Will the Real Vergil Please Stand Up?

Making sense of the life of a poet about whom we know so little

A third-century Tunisian mosaic depicts Vergil seated between muses Clio and Melpomene. (Bardo National Museum/Wikimedia Commons)
A third-century Tunisian mosaic depicts Vergil seated between muses Clio and Melpomene. (Bardo National Museum/Wikimedia Commons)

Great works of literature are sly and powerful beasts that pounce on their readers, grabbing them by the neck and shaking them back and forth. The young Augustine looks like a typical victim of Vergil’s Aeneid. The schoolboy being brought up as a Christian in fourth-century CE North Africa found the first-century BCE epic poem of pagan Rome the most impressive thing in his cultural life to date. Tellingly, his reaction shows no interest in the poem’s theme of individual sacrifice in the name of imperial destiny; rather, into middle age, the great theologian and founder of institutional Catholic monasticism remembered weeping for Dido, who commits suicide after her lover, Aeneas, abandons her at the end of Book IV.

When we react as intensely to a work of literature as Augustine did, we may feel compelled to know what events in the author’s life could have informed his imagination.

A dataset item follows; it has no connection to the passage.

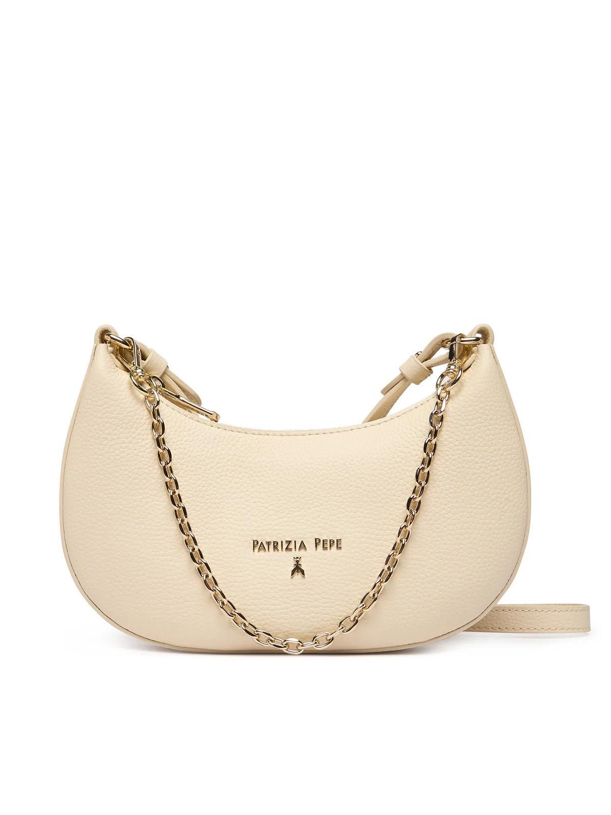 Hand en-schoudertas Borsa Bag van Patrizia Pepe voor dames. Dit elegant handtasje is in off wit / butter leer. Is mooi maanvormig van model met een afneembare, verstelbare schouderband of een afneembare metalen ketting. Is gesloten met een ritssluiting en heeft binnenin 1 steekvakje.

There has to be, we are convinced, something about the author himself that is vital to that thing called literary achievement, some reason he brought into being a work so communicative and congenial. The lack of detail concerning ancient lives has led biographers to make up what they cannot find in their research and to overinterpret what they do find. For Vergil, who lived from 70 to 19 BCE, the biographical tradition started to veer out of control from the first and never corrected itself. In the ancient world, rumor, folklore, prejudice, whimsy, and inference from fictional works were habitual sources for biographical “fact.” The Athenian tragedian Euripides, a legend states, was torn to pieces in the woods by hunting dogs belonging to his patron, the king of semiwild Macedonia. The literary inspiration for this story might be the dismemberment of Pentheus at the hands of feral women in Euripides’s Bacchae, or the death of Hippolytus, dragged by spooked horses in the play named for him, though Euripides’s unpopularity in his native Athens no doubt helped the story along. As for Vergil, we know a great deal less about him than about the second most important poet of his era, Horace; Vergil was a private man by preference, but he also seems to have been accorded—no doubt with the help of powerful imperial patronage—a most un-Roman respect for his privacy. Since then, Vergil’s distance and blurriness as a human being have enticed people to read his life and his thinking so as best to suit their own lives and their own thinking.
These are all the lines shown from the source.